FACT: The federal government cannot spend money that it never touched and never possessed.  Tax expenditures let taxpayers keep more of their own money.  And only by the public consent is the government permitted to take some of it in taxation to pay for certain public goods. When tax hike proponents say we are giving businesses and individuals all this money in tax expenditures, they are incorrectly assuming that the government has that money to give in the first place, when in fact it does not.  To the contrary, the government never touches the money that a taxpayer keeps due to benefitting from a tax expenditure, whereas with spending, the government actually collects money from taxpayers and then spends it.

Another difference between tax expenditures and spending is that reducing or eliminating a tax expenditure without an offsetting tax cut to reach a revenue neutral level will cause the size of the federal government to grow, while reducing or eliminating spending causes the size of the federal government to shrink.
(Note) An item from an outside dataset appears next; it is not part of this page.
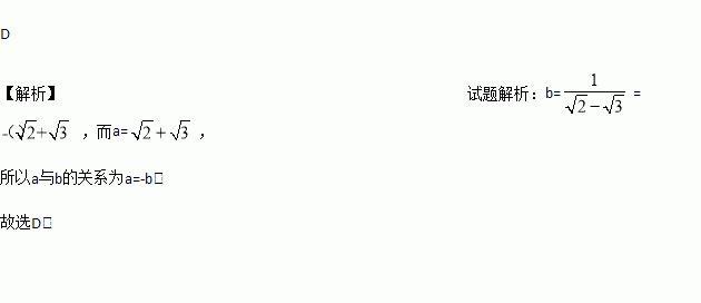 已知: , 则a与b的关系为( )

MYTH: Tax Expenditures are Loopholes

FACT: This is deliberately inaccurate.  A loophole is something that Congress did not intend and would generally shut down, at least going forward, once it learned of the loophole.  Tax expenditures, by contrast, were generally placed by Congress into the tax code deliberately.  For example, the largest tax expenditure is the exclusion for employer-provided health insurance and benefits.  The second-largest: the home mortgage interest deduction.

Whether you agree with a particular tax expenditure or not, an honest debate requires recognition that tax expenditures were designed by Congress with economic or social goals in mind and are not inadvertent loopholes.